The global export ratio (e-ratio, sinking POC/NPP) distribution in the VarAll model (SFig. 8) shows higher e-ratios in the high latitudes, > 0.175 in the Southern Ocean, and > 0.25 in the North Atlantic and North Pacific. When compared to the FixAll model, we see up to 0.05 increase in e-ratio in the high latitude North Atlantic, compared to up to a 0.05 decrease in the Southern Ocean, both of which are primarily driven by changes in POC export (Fig. 2C). In the Indian Ocean, which has increases in NPP and POC export throughout the basin, the e-ratio change shows a bimodal pattern, with the Arabian Sea and gyre regions showing increases in e-ratio, while the Bay of Bengal region e-ratio decreases.
The lower POC export in the FixAll model is driven by lower surface nutrient concentrations, but is further enhanced by a community dominated by small phytoplankton in the more oligotrophic regions (SFig. 9)39. When phytoplankton nutrient uptake ratios are fixed, growth-limiting nutrients are exported more efficiently, furthering nutrient stress in surface waters, favoring smaller phytoplankton and leading to decreases in NPP and POC export. Further, with variable stoichiometry, small phytoplankton may out-compete diatoms within the HNLC regions, resulting in increased small phytoplankton biomass and reduced diatom biomass.

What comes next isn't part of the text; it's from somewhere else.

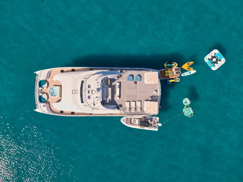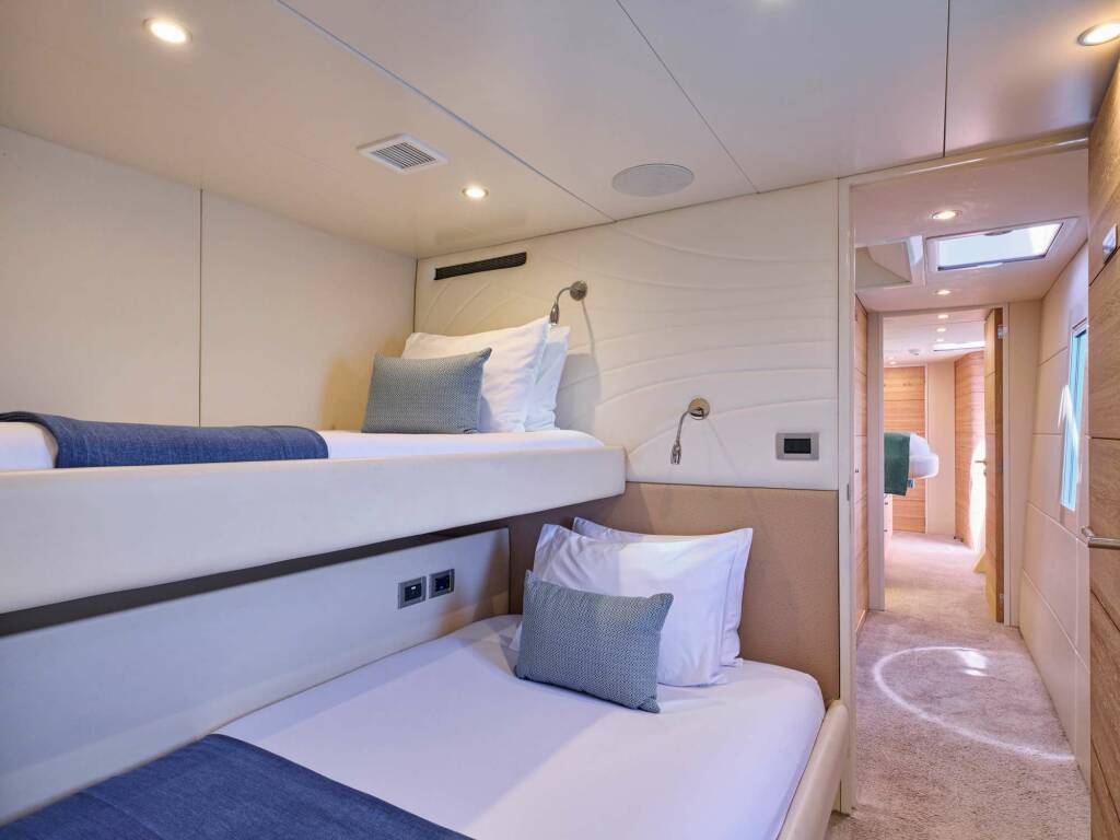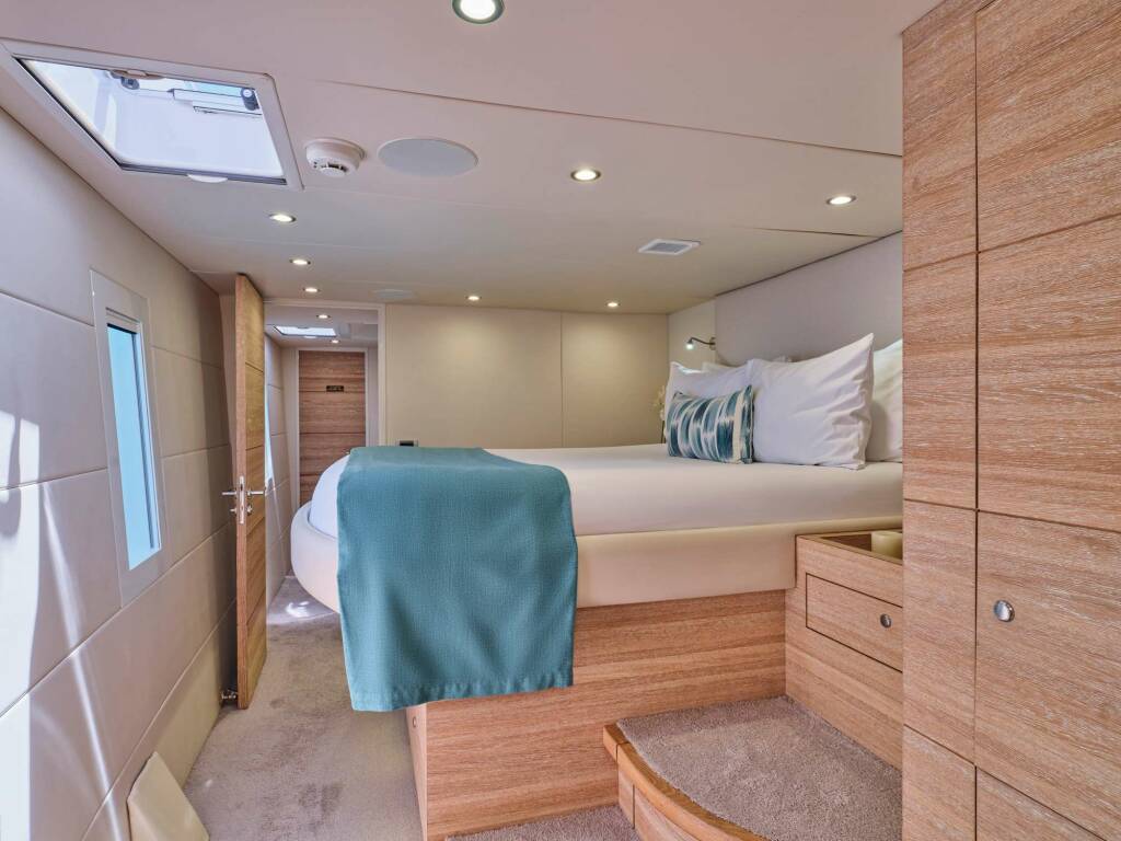 Accommodation: Master on main deck with direct access to outdoor Jacuzzi, two Queen staterooms, each en suite with spacious showers, toilet and ample storage in two closets and cabinetry. Aft in the starboard hull 2-3 more guests can find accommodation in a double bed with pullman bunk, also with en suite facilities.
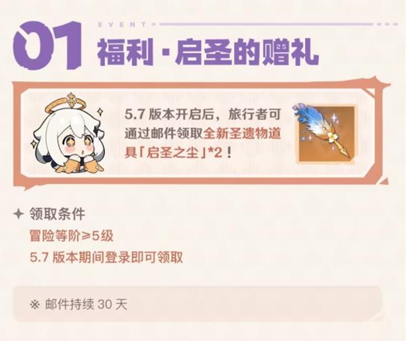 很多小伙伴都在关心原神5.7版本有哪些活动?福利有哪些?下面为大家带来 5.7版本活动大全,希望可以帮知道您。福利·启圣的赠礼

This leads to a decrease in Southern Ocean POC export without significant changes in NPP. Additionally, diatoms require silicon and are highly sensitive to silicon availability, which causes them to have significant reductions in biomass in low Si areas in the FixAll case. The only regions where diatoms have higher biomass in the FixAll case are upwelling regions where Si is returned to the surface. When diatoms can vary their Si uptake reducing their quotas, their distribution expands to occupy low-Si regions. This suggests that diatom Si:C acclimation is critical for explaining the global distribution of diatoms, preventing Si-limitation of growth over much of the lower latitudes.

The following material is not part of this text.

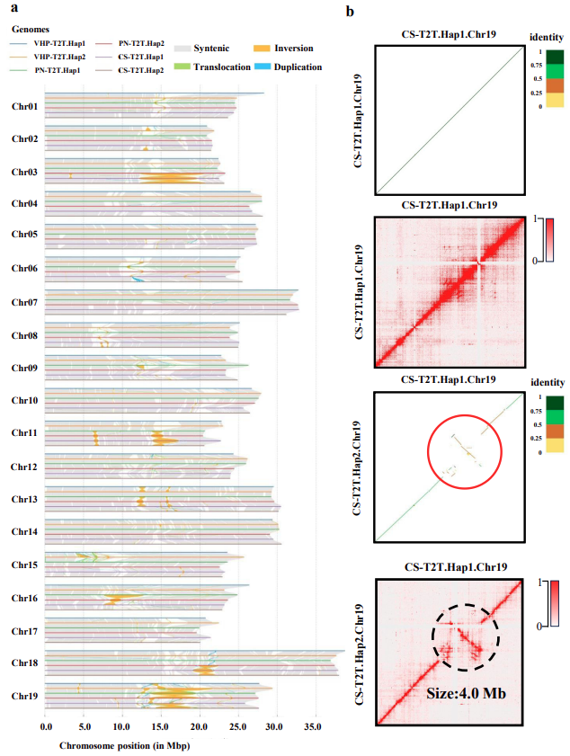 3、11、18、19 号染色体上发现了其他葡萄品种单倍型基因组中并不普遍的倒位区域,其中19号染色体上存在约4 Mb 的典型倒位片段。团队通过 Hi-C互作图谱、测序读段断点验证、多数据集交叉比对等多种手段,证实该倒位事件是赤霞珠葡萄的固有遗传特征,并非试验材料特异性变异,为解析赤霞珠独特农艺性状的分子遗传基础提供了关键线索,也为葡萄品种特异性状的遗传解析开辟了新方向(图2)。

Nitrogen fixation and water column denitrification increase under variable stoichiometry (Fig. 3). Nitrogen fixation increases globally, up nearly 300%, but particularly in the oligotrophic gyres where diazotrophs can reduce their quotas and maintain their growth (Fig. 3). With fixed ratios, surface phosphate declines in the North Atlantic and Indian basins and surface dissolved iron declines in the Pacific, increasing P and Fe stress for diazotrophs. Nitrogen fixation rates in the North Atlantic are particularly dependent on phosphate40. WC denitrification decreases 49% with fixed stoichiometry, with little change in the spatial pattern, due to decreases in diatom production and export over the Bay of Bengal and in the eastern equatorial Pacific. The volume of low oxygen (< 30 mmol/m3) waters decreases 42% with fixed stoichiometry.

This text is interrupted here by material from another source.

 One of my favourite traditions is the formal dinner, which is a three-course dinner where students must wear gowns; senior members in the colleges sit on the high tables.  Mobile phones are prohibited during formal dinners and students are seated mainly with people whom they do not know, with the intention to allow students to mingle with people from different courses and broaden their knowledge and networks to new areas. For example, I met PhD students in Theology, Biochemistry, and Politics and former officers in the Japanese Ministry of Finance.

Both models were run for 300 years with dynamic atmospheric CO2, initiated at 284ppm. Averaged over the final 20 years, the FixAll scenario had 313ppm atmospheric CO2 concentration, while the VarAll scenario had 296ppm atmospheric CO2. This indicates that the FixAll scenario is underestimating the capacity of the ocean carbon inventory when compared to the simulation with fully variable stoichiometry.